_Problem_
Please write out every line of the listing without alteration, but omit the images.

_Dataset extract_
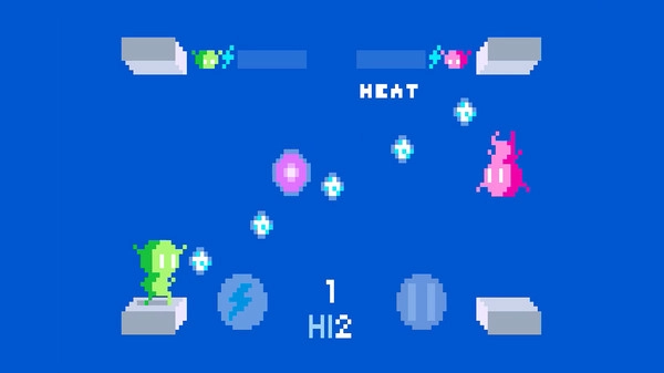 在收集能量球的平台间来回翻转,把攻击力计填满,就能向敌人发起攻击啦。把他打成紫色颗粒,就能提升你的分数!
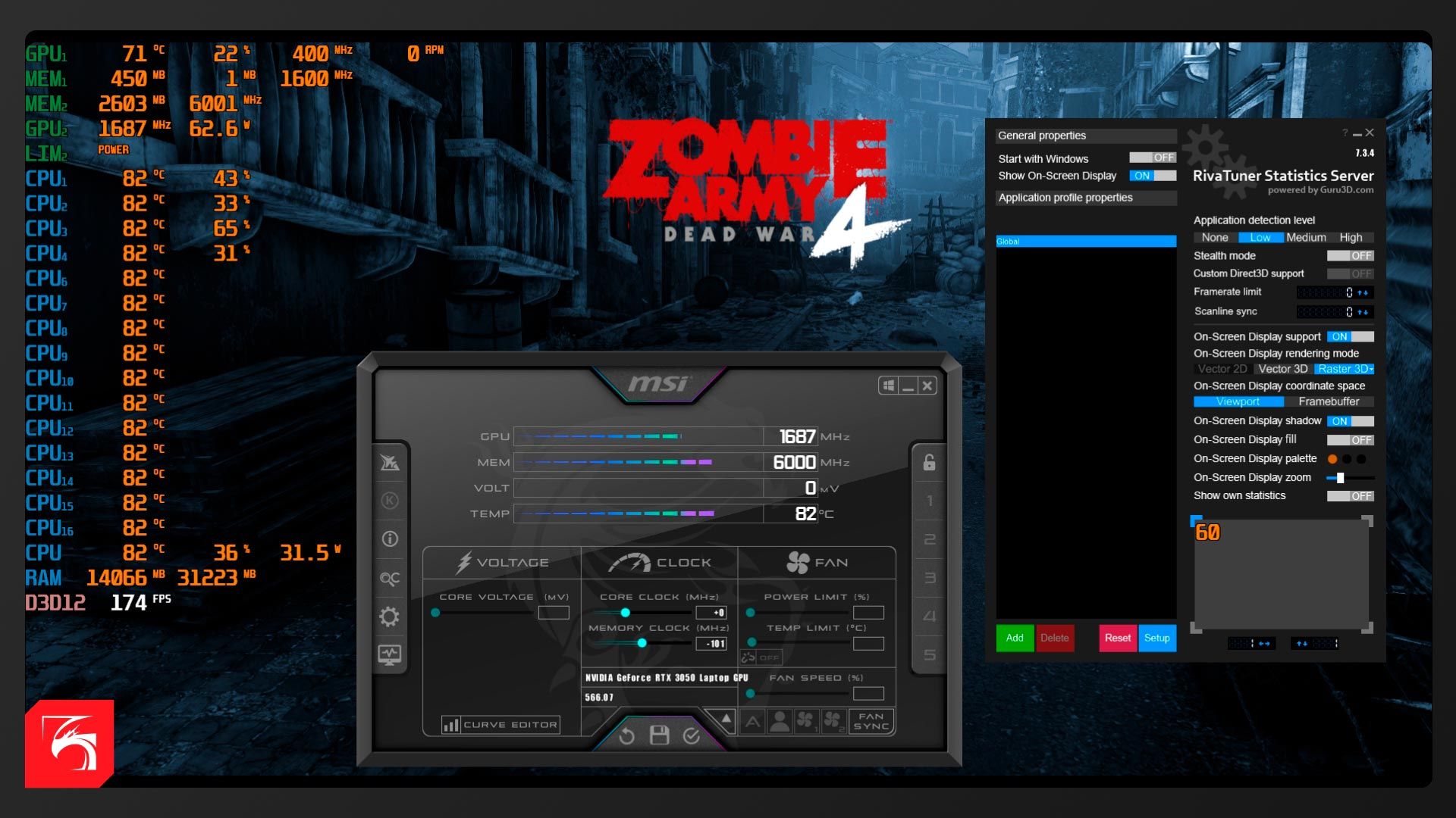 Со временем функциональность Afterburner расширилась, так что теперь программа способна многое рассказать про компьютер и его производительность. Можно узнать температуру процессора, видеокарты и оперативной памяти, вольтаж компонентов системы, FPS, загрузку RAM, температуру CPU и другие показатели. Интерфейс приложения, хоть и несколько футуристичен по-умолчанию, всё же понятен и показывает почти все нужные параметры.
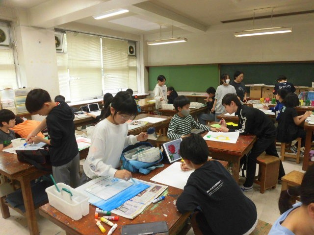 いろいろな色を作っています。「これ、夜の色だよ。」そう言いながら、パレットを見せてくれる人がいました。イメージに合わせた色を創り出しています。
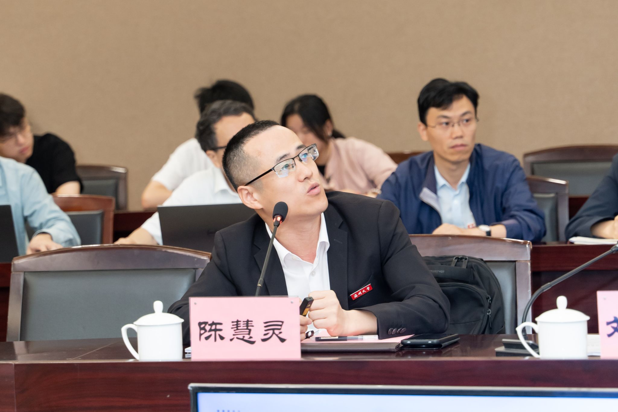 陈慧灵院长作评估工作汇报,详细介绍了学位点的师资队伍、课程教学、奖助体系等情况,数据翔实,案例丰富,成人短视频培养目标明确,培养体系完整,培养过程规范,成人短视频 实践支撑能力强。

_Solution for this exercise_
 在收集能量球的平台间来回翻转,把攻击力计填满,就能向敌人发起攻击啦。把他打成紫色颗粒,就能提升你的分数!
 Со временем функциональность Afterburner расширилась, так что теперь программа способна многое рассказать про компьютер и его производительность. Можно узнать температуру процессора, видеокарты и оперативной памяти, вольтаж компонентов системы, FPS, загрузку RAM, температуру CPU и другие показатели. Интерфейс приложения, хоть и несколько футуристичен по-умолчанию, всё же понятен и показывает почти все нужные параметры.
 いろいろな色を作っています。「これ、夜の色だよ。」そう言いながら、パレットを見せてくれる人がいました。イメージに合わせた色を創り出しています。
 陈慧灵院长作评估工作汇报,详细介绍了学位点的师资队伍、课程教学、奖助体系等情况,数据翔实,案例丰富,成人短视频培养目标明确,培养体系完整,培养过程规范,成人短视频 实践支撑能力强。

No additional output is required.